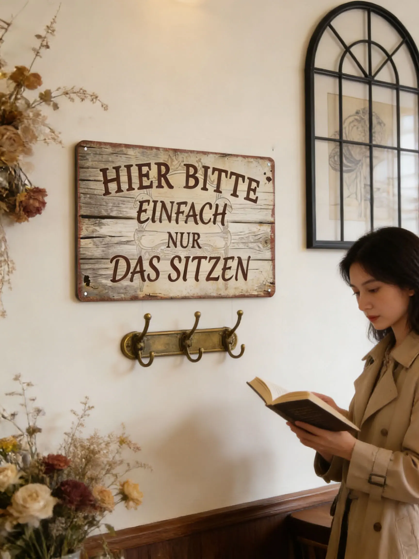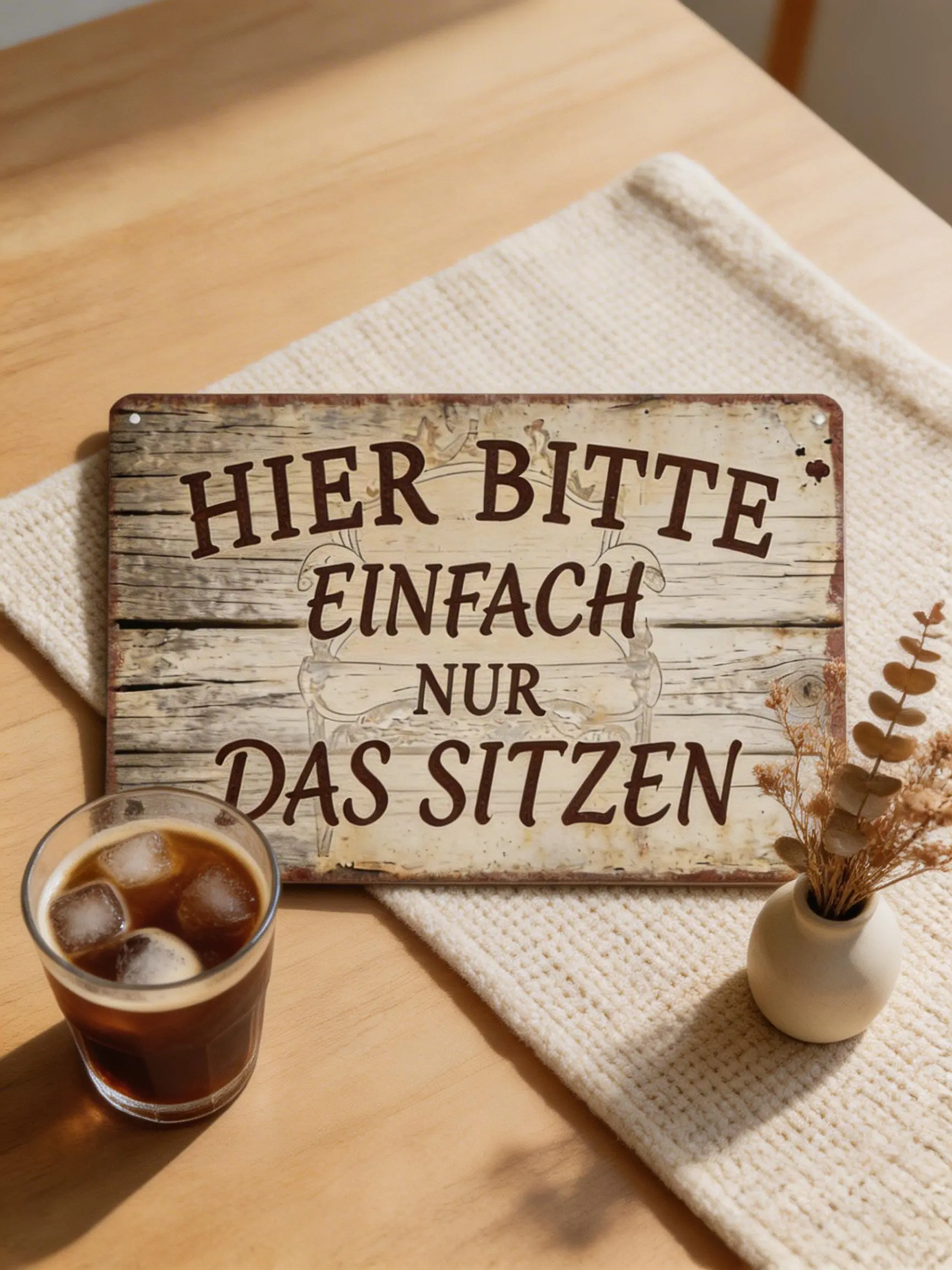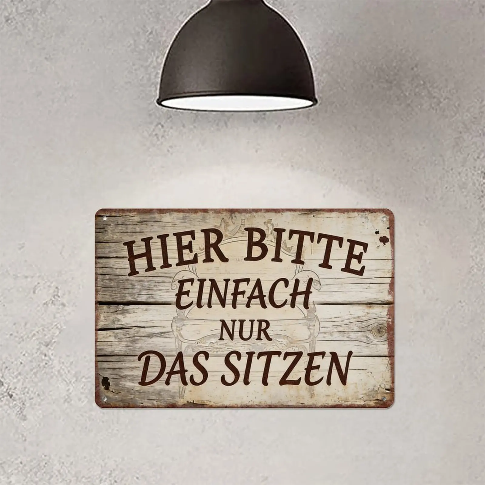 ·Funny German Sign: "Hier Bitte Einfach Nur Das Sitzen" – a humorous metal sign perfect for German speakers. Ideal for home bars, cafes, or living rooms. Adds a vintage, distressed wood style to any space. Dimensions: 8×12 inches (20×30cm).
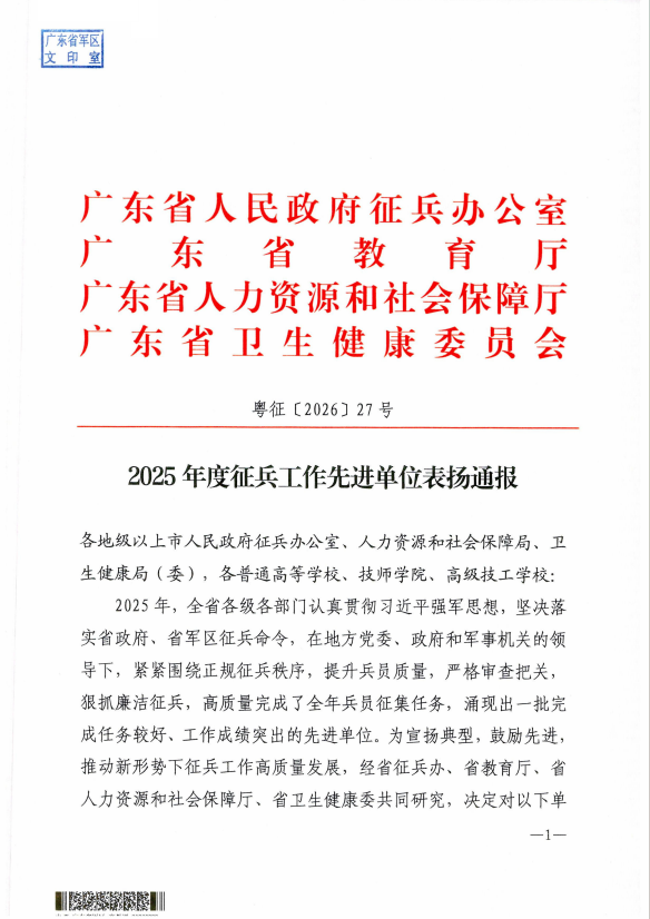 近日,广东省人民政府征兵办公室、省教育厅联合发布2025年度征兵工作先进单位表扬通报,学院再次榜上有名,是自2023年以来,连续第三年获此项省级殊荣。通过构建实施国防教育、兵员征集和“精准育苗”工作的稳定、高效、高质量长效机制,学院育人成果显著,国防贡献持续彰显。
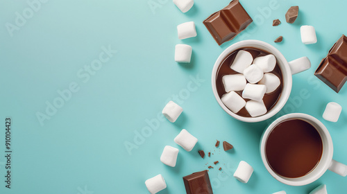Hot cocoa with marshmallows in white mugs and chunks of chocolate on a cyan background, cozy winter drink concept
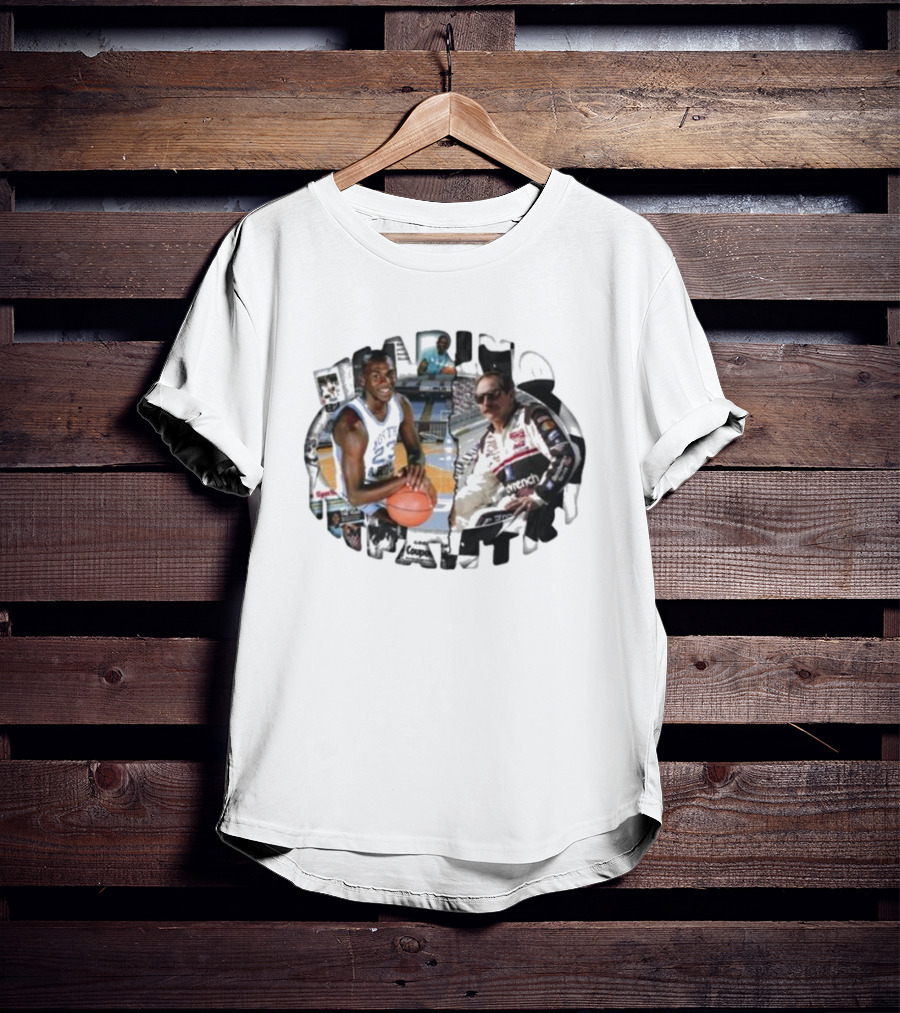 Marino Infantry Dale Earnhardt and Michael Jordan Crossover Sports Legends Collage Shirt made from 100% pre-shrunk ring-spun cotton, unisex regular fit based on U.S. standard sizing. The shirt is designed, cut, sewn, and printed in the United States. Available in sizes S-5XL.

○ ○ ○ ○ ○ ○ ○

Task:
Output the full listing verbatim, but drop the images.

Answer space:
 ·Funny German Sign: "Hier Bitte Einfach Nur Das Sitzen" – a humorous metal sign perfect for German speakers. Ideal for home bars, cafes, or living rooms. Adds a vintage, distressed wood style to any space. Dimensions: 8×12 inches (20×30cm).
 近日,广东省人民政府征兵办公室、省教育厅联合发布2025年度征兵工作先进单位表扬通报,学院再次榜上有名,是自2023年以来,连续第三年获此项省级殊荣。通过构建实施国防教育、兵员征集和“精准育苗”工作的稳定、高效、高质量长效机制,学院育人成果显著,国防贡献持续彰显。
Hot cocoa with marshmallows in white mugs and chunks of chocolate on a cyan background, cozy winter drink concept
 Marino Infantry Dale Earnhardt and Michael Jordan Crossover Sports Legends Collage Shirt made from 100% pre-shrunk ring-spun cotton, unisex regular fit based on U.S. standard sizing. The shirt is designed, cut, sewn, and printed in the United States. Available in sizes S-5XL.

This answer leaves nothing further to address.